Tolerance to self-antigens is maintained at multiple levels. While central tolerance is essential to preventing autoimmunity, autoreactive T and B cells nevertheless are present in the peripheral repertoire. Thus, peripheral tolerance to tissue-specific and developmentally regulated antigens is necessary to sustain tissue homeostasis. In some cases, cross-reactive memory cells produced by infection are likely to be responsible for autoimmunity via recognition of self-antigens in the context of ongoing inflammatory events. We have now devised an inducible and reversible system that allows interrogation of T cell tolerance induction in endogenous memory CD8 T cells. Our data show that memory CD8 T cells responded poorly to self-antigen even when expressed by dendritic cells (DC) and despite the fact that the antigen was readily recognized by na?ve CD8 T cells. However, the inclusion of inflammatory signals partially overcame memory CD8 T cell ignorance of self-antigen. Thus, memory CD8 T cells were prohibited from autoreactivity in the absence of inflammation. These results led to the hypothesis that tolerance is maintained by disallowing memory CD8 T cell recognition of self antigen under homeostatic conditions. Our goal is to determine the mechanism by which memory CD8 T cells ignore direct DC antigen presentation and test whether tissue-specific antigens are also ignored.
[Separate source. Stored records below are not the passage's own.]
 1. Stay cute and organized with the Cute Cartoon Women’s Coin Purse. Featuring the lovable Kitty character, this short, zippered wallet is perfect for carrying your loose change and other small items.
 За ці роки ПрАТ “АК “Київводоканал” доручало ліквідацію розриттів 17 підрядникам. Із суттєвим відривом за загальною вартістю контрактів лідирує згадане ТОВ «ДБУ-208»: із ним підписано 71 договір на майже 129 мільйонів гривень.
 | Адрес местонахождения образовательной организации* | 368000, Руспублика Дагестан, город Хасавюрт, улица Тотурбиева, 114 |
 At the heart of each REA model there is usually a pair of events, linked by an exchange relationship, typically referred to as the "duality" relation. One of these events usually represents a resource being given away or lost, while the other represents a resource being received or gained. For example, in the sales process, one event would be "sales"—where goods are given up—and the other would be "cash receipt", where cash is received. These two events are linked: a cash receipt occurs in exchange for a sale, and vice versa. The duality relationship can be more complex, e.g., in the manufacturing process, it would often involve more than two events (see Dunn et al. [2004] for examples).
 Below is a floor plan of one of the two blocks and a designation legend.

This goal will be achieved through two specific aims:
Aim 1. To determine the anatomical constraints prohibiting memory CD8 T cell recognition of DC-expressed antigen.
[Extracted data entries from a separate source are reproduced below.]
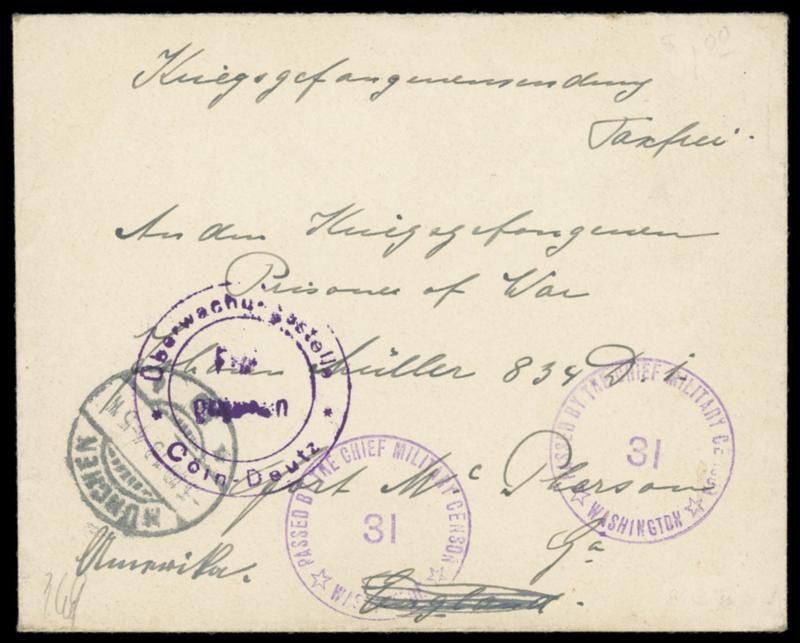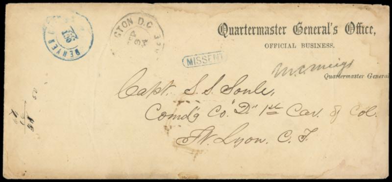 (War) Montgomery C. Meigs. Free frank handstamp, entered mails with partial "Washington D.C 'Free' Sep 3 '64" cds on Quartermaster General's Office imprint cover to Capt. S.S. Soule, Comd'g Co. "D", 1st Cav. of Col, Fort Lyon, Colorado Territory, blue "Denver City, Oct 22" cds with matching "Missent" framed handstamp; slight stains, reduced slightly at right, F.-V.F. and scarce Denver missent use. Estimate; $150 - 200.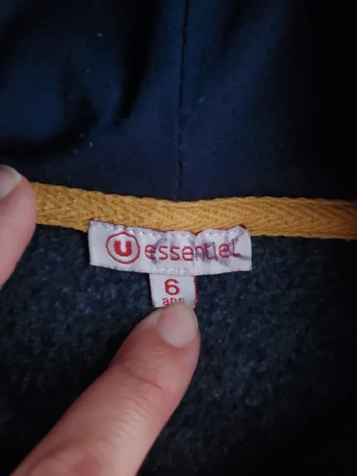 Veste à capuche U essentiels. Taille 6 ans mais taille petit, c'est bien pour une transition 5-6 ans. Bon état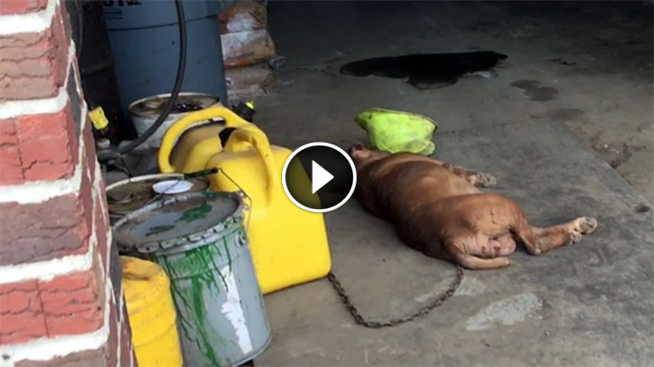 Imagine being chained to a wall in a musty garage with no protection from the elements. To watch the video > damnbored.tv

Aim 2. To determine whether memory CD8 T cells will recognize cross-presented tissue-specific antigen in the absence of inflammation. Our new system will provide a powerful tool for identifying the mechanisms by which autoimmunity may be avoided or controlled.
Understanding how autoreactive T cells are triggered to respond to self-antigens is at the heart of learning how to control autoimmune diseases. This proposal focuses on the regulation of self-antigen recognition by cytotoxic memory CD8 T cells. Therefore, this work will provide valuable insight into the mechanisms controlling autoreactivity.